Write a couple of sentences about your observations of the scores and the utility of knowing these scores in an NLP application.

Honestly, some of the scores assigned to words in SentiWordNet don't seem right to me. I guess that is part of the problem with sentiment analysis, in that the severity of "positivity" and "negativity" of a word may differ from person to person. It is a bit subjective. However, knowing these score in an NLP application can be useful when you want to capture how the speaker or author is feeling. 

10. Write a couple of sentences about what a collocation is.

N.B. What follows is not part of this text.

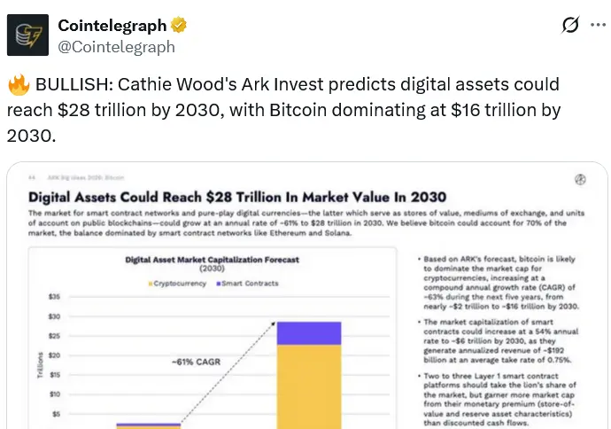 ARK estimated in its “Big Ideas 2026” report that the crypto market would expand at a 61% compound annual growth rate (CAGR) to meet the $28 trillion target by 2030, adding that Bitcoin could account for 70% of that figure.

A collocation is a gropuing of words that when put together, have a meaning that is useful and greater than the sum of their individual parts. An example of a collocation would be vice president. Both of these words have independent meaning, but when used in this order they have a combined meaning that refers to the 2nd in command of the United States of America. 

Output collocations for text4, the Inaugural corpus.

In [67]:
from nltk.book import *
text4
text4.collocations()

United States; fellow citizens; years ago; four years; Federal
Government; General Government; American people; Vice President; God
bless; Chief Justice; one another; fellow Americans; Old World;
Almighty God; Fellow citizens; Chief Magistrate; every citizen; Indian
tribes; public debt; foreign nations


Select one of the collocations identified by NLTK. Calculate mutual
information.

In [69]:
import math

colloc = "fellow citizens"
text = ' '.join(text4.tokens)
vocab = len(set(text4))
fc = text.count(colloc)/vocab
print("p(fellow citizens) = ",fc )
f = text.count('fellow')/vocab
print("p(fellow) = ", f)
c = text.count('citizens')/vocab
print('p(citizens) = ', c)
pmi = math.log2(fc / (f * c))
print('pmi = ', pmi)

p(fellow citizens) =  0.006084788029925187
p(fellow) =  0.013665835411471322
p(citizens) =  0.026932668329177057
pmi =  4.0472042737811735


Write commentary on the results of the mutual information formula and your
interpretation:

The results of the mutual information formula make complete sense to me. 'fellow citizens' has much more meaning together than fellow, or citizens by themselves, and a score of 4.04 appears to confirm this. My interpretation is that the probability of fellow and citizens are both higher than fellow citizens, so each word is likely to appear on its own. However, the meaning of 'fellow citizens' is very important when used together.